### WHAT THE TASK ASKS:
Everything below from the line with "Geef je garderobe" through the line with "Step 1 : Go" must be retyped exactly, except the pictures.

### PROVIDED DATA:

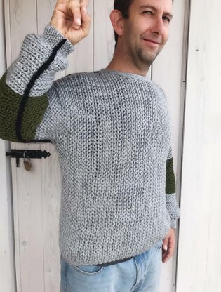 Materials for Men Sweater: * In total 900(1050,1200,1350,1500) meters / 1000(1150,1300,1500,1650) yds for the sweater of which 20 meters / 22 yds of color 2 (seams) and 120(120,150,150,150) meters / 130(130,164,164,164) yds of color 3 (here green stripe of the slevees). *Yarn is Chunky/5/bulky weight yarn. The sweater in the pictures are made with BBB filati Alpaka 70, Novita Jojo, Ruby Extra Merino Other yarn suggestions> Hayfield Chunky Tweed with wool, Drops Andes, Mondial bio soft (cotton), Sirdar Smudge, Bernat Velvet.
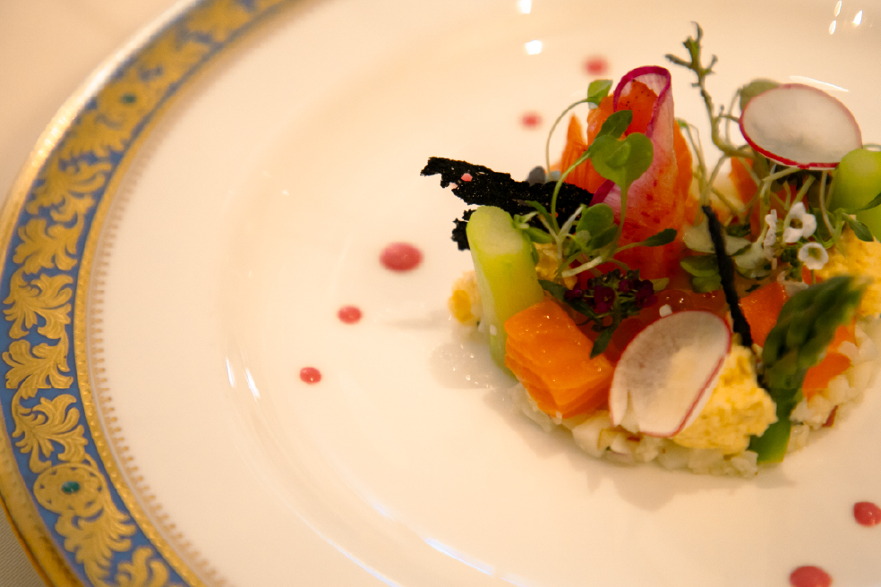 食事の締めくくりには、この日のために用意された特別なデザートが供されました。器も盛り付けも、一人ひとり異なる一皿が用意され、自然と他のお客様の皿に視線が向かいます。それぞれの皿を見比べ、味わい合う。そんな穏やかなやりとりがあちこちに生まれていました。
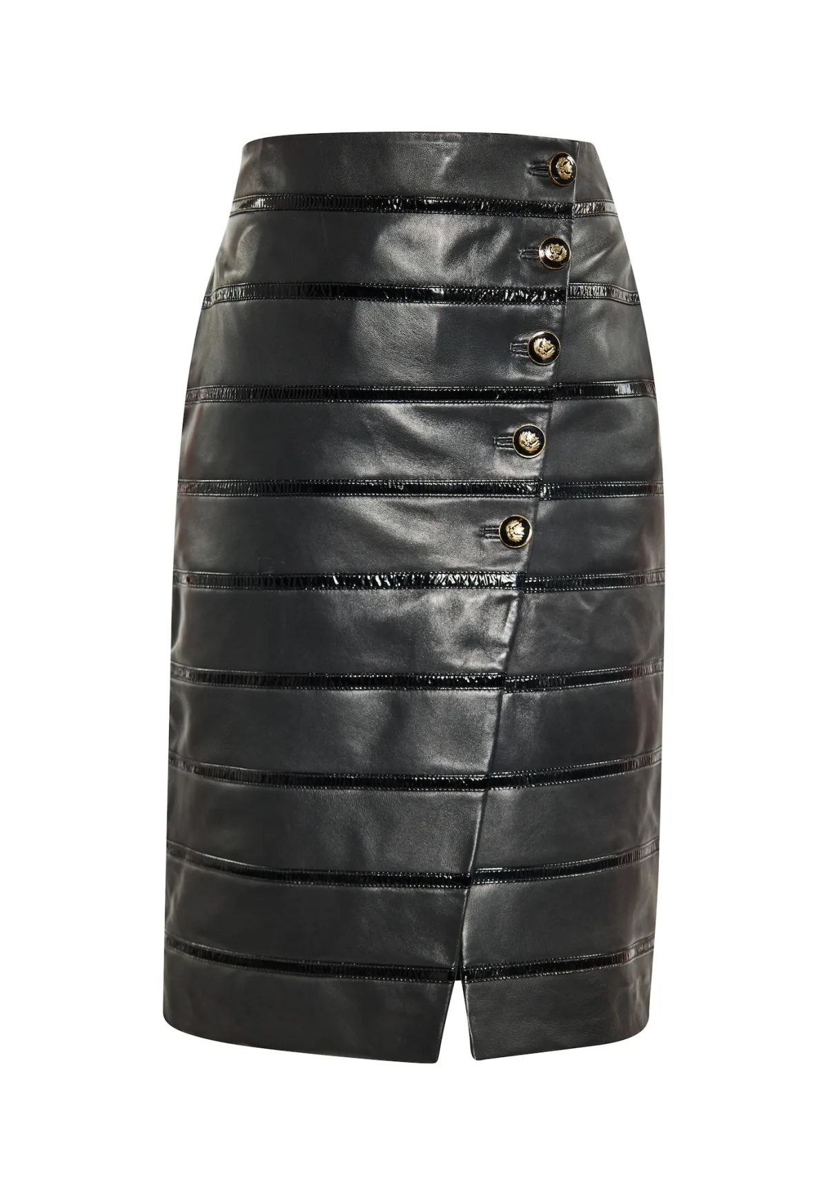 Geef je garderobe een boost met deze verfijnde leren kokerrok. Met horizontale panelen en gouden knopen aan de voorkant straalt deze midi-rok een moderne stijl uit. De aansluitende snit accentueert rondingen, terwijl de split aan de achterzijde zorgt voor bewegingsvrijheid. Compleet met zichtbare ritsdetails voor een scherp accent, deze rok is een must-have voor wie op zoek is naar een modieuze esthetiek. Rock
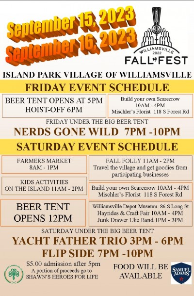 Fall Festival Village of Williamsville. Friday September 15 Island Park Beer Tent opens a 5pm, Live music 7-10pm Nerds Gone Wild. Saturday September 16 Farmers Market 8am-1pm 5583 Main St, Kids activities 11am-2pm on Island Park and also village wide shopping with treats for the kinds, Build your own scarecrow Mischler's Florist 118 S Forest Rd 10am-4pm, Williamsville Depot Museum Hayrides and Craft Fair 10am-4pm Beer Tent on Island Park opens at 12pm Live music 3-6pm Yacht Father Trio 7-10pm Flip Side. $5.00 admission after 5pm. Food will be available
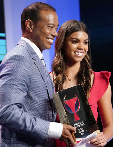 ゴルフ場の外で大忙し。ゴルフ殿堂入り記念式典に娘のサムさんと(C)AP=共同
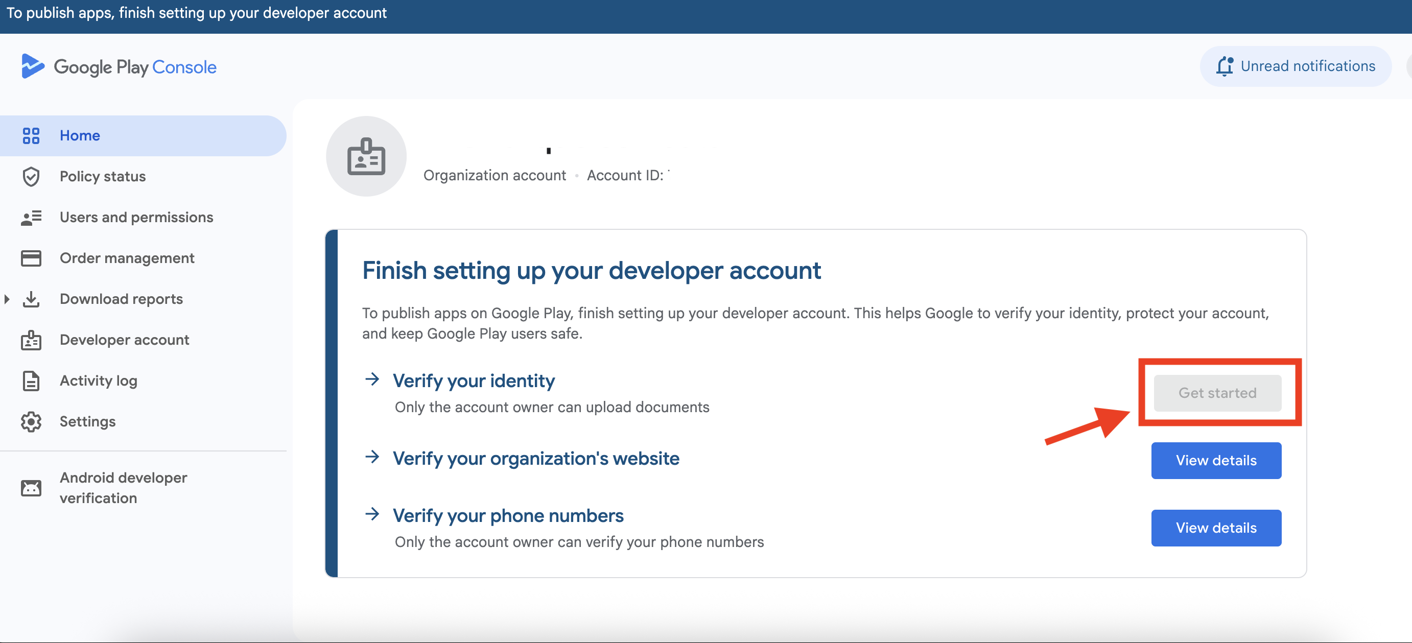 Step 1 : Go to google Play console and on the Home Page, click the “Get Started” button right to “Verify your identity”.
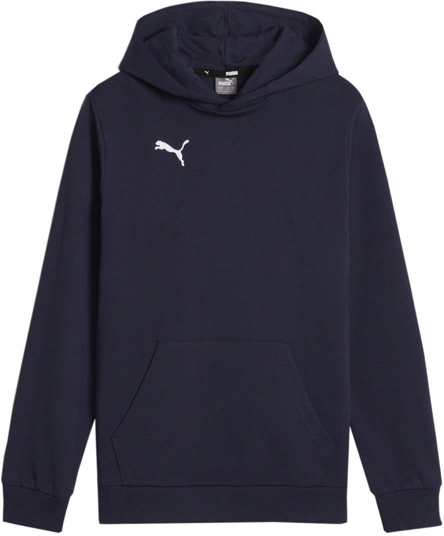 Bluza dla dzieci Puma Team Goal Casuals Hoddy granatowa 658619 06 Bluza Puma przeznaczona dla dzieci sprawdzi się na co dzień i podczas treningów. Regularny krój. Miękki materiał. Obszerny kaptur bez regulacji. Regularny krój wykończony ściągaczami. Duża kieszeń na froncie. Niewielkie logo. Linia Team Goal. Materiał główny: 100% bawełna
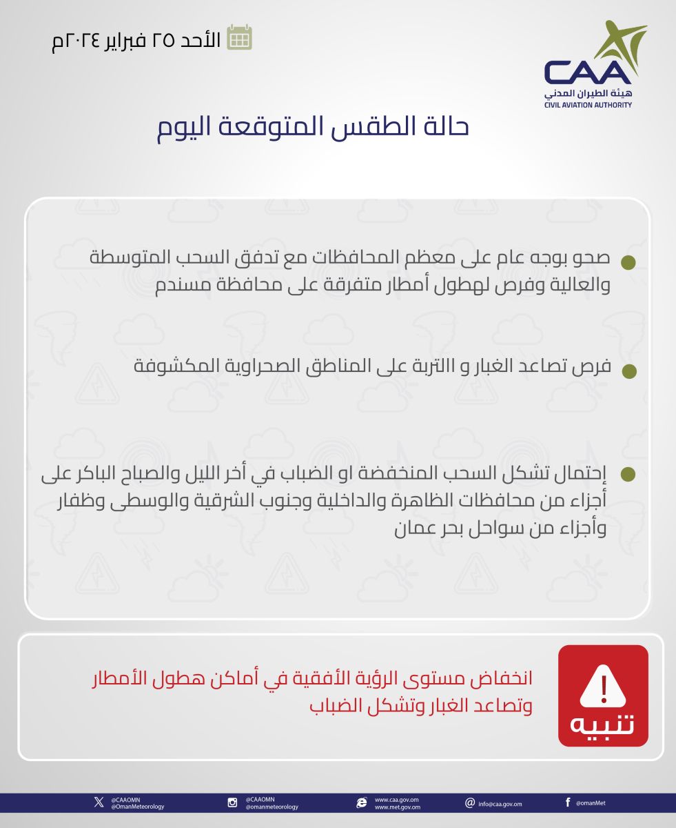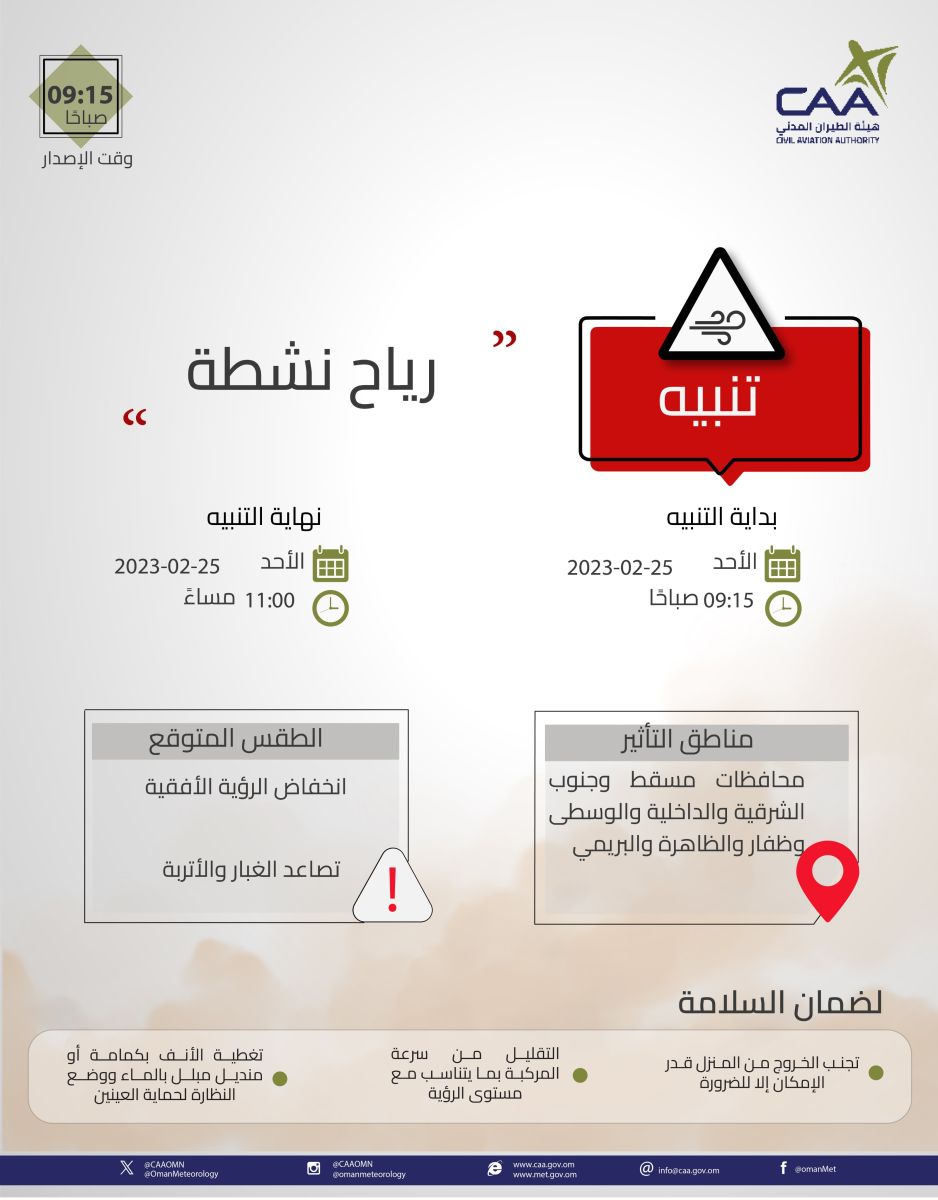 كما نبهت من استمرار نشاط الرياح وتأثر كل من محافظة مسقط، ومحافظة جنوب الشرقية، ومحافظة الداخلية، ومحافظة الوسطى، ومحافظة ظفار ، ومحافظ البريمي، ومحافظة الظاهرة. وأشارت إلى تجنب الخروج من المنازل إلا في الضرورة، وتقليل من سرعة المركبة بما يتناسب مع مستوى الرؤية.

### EXERCISE RESULT:
 Geef je garderobe een boost met deze verfijnde leren kokerrok. Met horizontale panelen en gouden knopen aan de voorkant straalt deze midi-rok een moderne stijl uit. De aansluitende snit accentueert rondingen, terwijl de split aan de achterzijde zorgt voor bewegingsvrijheid. Compleet met zichtbare ritsdetails voor een scherp accent, deze rok is een must-have voor wie op zoek is naar een modieuze esthetiek. Rock
 Fall Festival Village of Williamsville. Friday September 15 Island Park Beer Tent opens a 5pm, Live music 7-10pm Nerds Gone Wild. Saturday September 16 Farmers Market 8am-1pm 5583 Main St, Kids activities 11am-2pm on Island Park and also village wide shopping with treats for the kinds, Build your own scarecrow Mischler's Florist 118 S Forest Rd 10am-4pm, Williamsville Depot Museum Hayrides and Craft Fair 10am-4pm Beer Tent on Island Park opens at 12pm Live music 3-6pm Yacht Father Trio 7-10pm Flip Side. $5.00 admission after 5pm. Food will be available
 ゴルフ場の外で大忙し。ゴルフ殿堂入り記念式典に娘のサムさんと(C)AP=共同
 Step 1 : Go to google Play console and on the Home Page, click the “Get Started” button right to “Verify your identity”.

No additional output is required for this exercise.